- TASK ITEM: What is needed is the exact text of each line in the listing below from the one with "Poolen på hotellet" up to and including the one with "Teac A-R600 - Specifications;", and no pictures.

STORED DATA: Begin

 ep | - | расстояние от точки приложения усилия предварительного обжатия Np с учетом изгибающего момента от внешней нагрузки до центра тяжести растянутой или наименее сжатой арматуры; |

STORED DATA: End
STORED DATA: Begin

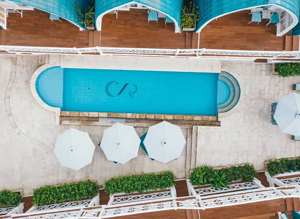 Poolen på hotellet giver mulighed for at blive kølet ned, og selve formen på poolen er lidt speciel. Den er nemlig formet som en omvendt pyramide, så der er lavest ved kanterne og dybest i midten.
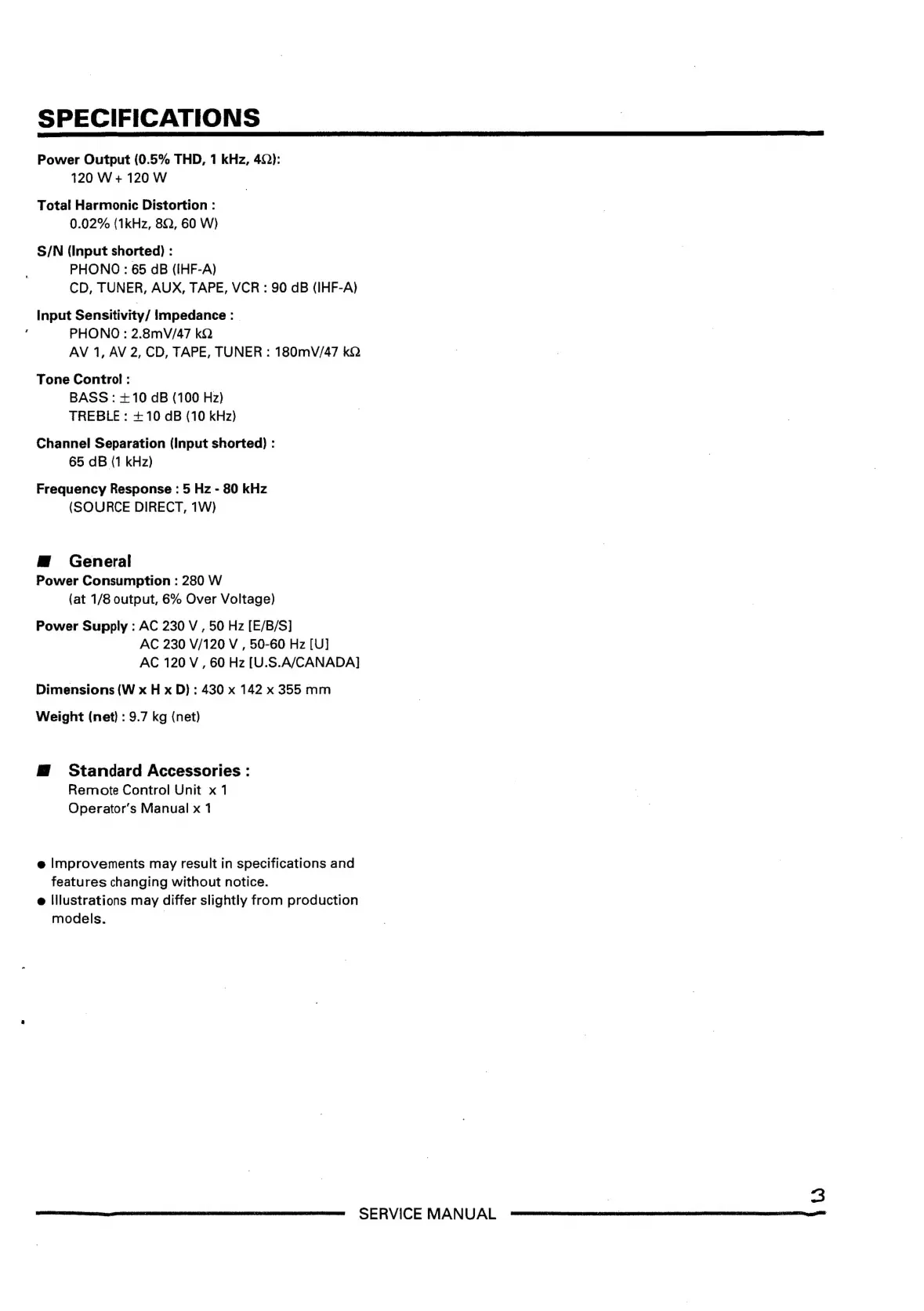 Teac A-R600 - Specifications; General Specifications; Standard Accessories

STORED DATA: End

- COMPLETED TASK:
 Poolen på hotellet giver mulighed for at blive kølet ned, og selve formen på poolen er lidt speciel. Den er nemlig formet som en omvendt pyramide, så der er lavest ved kanterne og dybest i midten.
 Teac A-R600 - Specifications; General Specifications; Standard Accessories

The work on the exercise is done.